Building usability into ecommerce design

With a specialist website, selling one product or category of products, thinking early on about the best way to present products can be beneficial. Not only will you improve usability and conversion rate from the start but it’s an opportunity to make the site stand out from competitors, both the not-as-well-designed specialist shops and the more general retailers using the same layouts to sell a huge variety of different products.

Two contrasting examples I’ve worked on are cutlery and umbrellas.

In the first example, Viners cutlery, I was responsible for the design. Through looking at other websites selling cutlery (good and bad), and understanding patterns of sales through the company’s other sales channels, I made sure each cutlery range was presented with a means of ordering cutlery sets and loose pieces all on the same page (without having to go back and forward to the shopping basket).

Hence this page…

product layouts - Viners

… is the same in terms the product hierarchy as this page…

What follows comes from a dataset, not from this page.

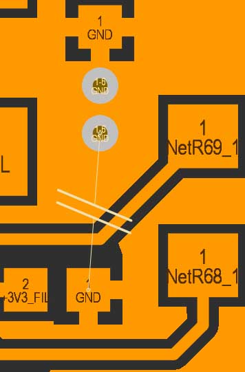 The polygon it's tied to GND as you can see above the pic, but the other resistor also it's tied to gnd through copper pour.

product layouts - Viners 2

The difference being, a customer is much more likely to purchase more than one product from a range of cutlery (e.g. some knives and some forks, or a cutlery set and some extra teaspoons). With cookware, it’s less likely a customer would want to purchase more than one saucepan. And there’s more detailed information on a saucepan on the product detail page a customer would want to see before making the purchasing decision.

In my second example, Fulton Umbrellas, my involvement was much further down the line, when the design was almost complete. The first design I saw showed around 10 umbrellas on the womens page, mostly black and with technical descriptions like Superslim-1 and Open and Close – 3. This was the way the company presented the range to trade customers, but obviously not the optimal way on B2C online shop; because consumers don’t know the difference between a Superslim and an Open and Close, and because a consumer looking at that page wouldn’t know unless they clicked on it that the black umbrella pictured came in 10 different designs.

Unfortunately the ecommerce platform chosen was limited in the filter and sort views available; the ideal solution would have been to allow the customer to view by type, by colour, by pattern, by price etc. however, the least-bad option for launch was to show all the products.